Award-winner looks to life for ideas

Amy Jephta
Amy Jephta
Image: Supplied

Drawing inspiration from living, watching, listening – and even eavesdropping – is how young theatre aficionado Amy Jephta finds her stories.

It is also how this 2019 Standard Bank Young Artist for Theatre – whose play All Who Pass is on at the National Arts Festival in Makhanda – finds the unexpected heroes who populate her work.

“I find most of my ideas when I’m out in the world – not sitting by myself in a room but actually experiencing life,” Jephta said.

“What makes me tick is how complicated human beings are – they’re very difficult to figure out.

“I’m fascinated by that psychology, and [try] to interpret it in a creative way.”

Following a nine-year streak as a festival attendee and having her work as a writer and director performed four times, Jephta said that it was great to be named as the Young Artist award winner. “It means someone has noticed and seen my work,” she said.

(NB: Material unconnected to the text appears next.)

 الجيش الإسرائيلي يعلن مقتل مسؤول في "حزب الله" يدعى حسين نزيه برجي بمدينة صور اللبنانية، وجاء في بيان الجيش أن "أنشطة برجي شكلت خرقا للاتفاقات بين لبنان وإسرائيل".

“It’s always good to know that while you have been building your career, people were tracking your path.

“So the award to me is a culmination of many years spent behind the scenes in the theatre industry.”

A playwright by nature, Jephta has also built a reputation as a filmmaker, activist and academic and has been a driving force in local and international initiatives to promote opportunities for women playwrights.

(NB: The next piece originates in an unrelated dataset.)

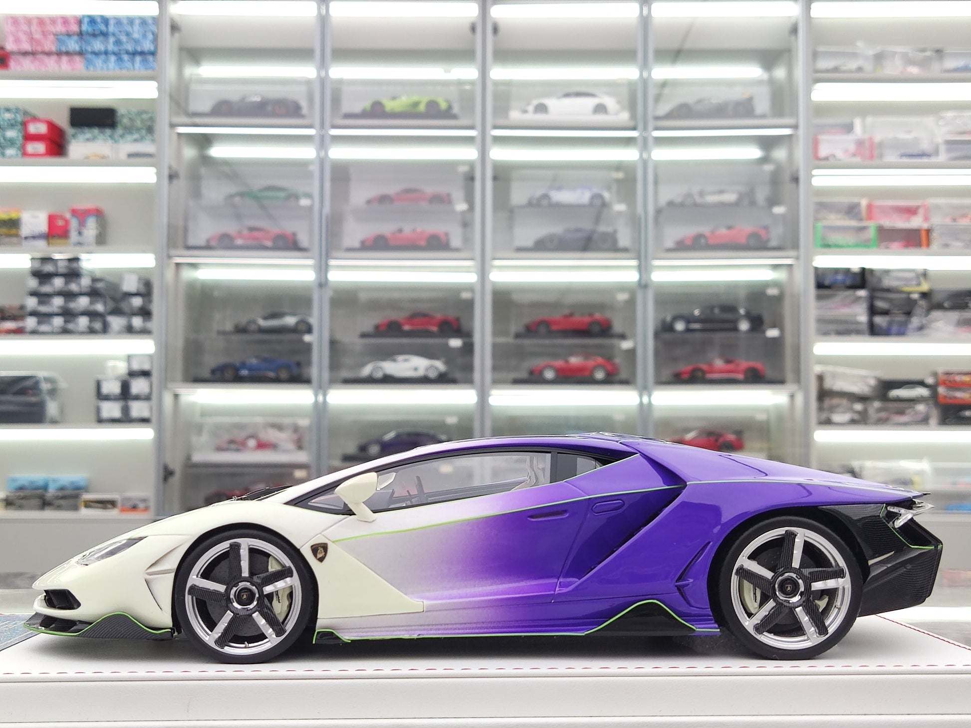 TE 1/18 Lamborghini Centenario Gradient Purple/Glow-in-the-Dark Green Resin Car Model JS-TE002

“I’ve enjoyed the opportunities I’ve been given to travel and see the world on the back of my writing,” she said.

“I’ve been to Europe, the UK, the US, and some of my favourite cities because of [it].

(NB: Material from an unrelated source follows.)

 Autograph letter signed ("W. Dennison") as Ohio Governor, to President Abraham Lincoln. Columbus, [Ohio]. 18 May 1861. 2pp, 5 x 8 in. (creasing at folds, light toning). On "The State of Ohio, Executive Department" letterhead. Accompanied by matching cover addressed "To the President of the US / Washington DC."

“Sharing rooms and space with some of my idols has also been exciting.”

Gravitating towards stories that are character-driven and people who become the heroes in their own lives in small and unexpected ways gives Jephta a purpose in her writing.

“I guess I enjoy stories of ‘heroes in unexpected places’.

“I always try to say something – politically, socially with my work,” she said.

“But I always prioritise telling a good story about human beings first.”

Tackling social issues and traumatic experiences which people still deal with on a daily basis, she does not shy away from previous injustices to expose the experiences suffered.

“If people can understand the past and continued effects the Group Areas Act had on families, I’d be satisfied – just to make people curious about a part of history they might have forgotten, to have them think about how that past is never just ‘in the past’.

“It has ripple effects on the real lives of South Africans in the present day,” she said.

“Artists have always been at the forefront of asking difficult questions and I think we will always need some form of protest theatre in this country.”

All Who Pass is being performed at the Rhodes Box at 2pm and 8pm on July 2 and 3.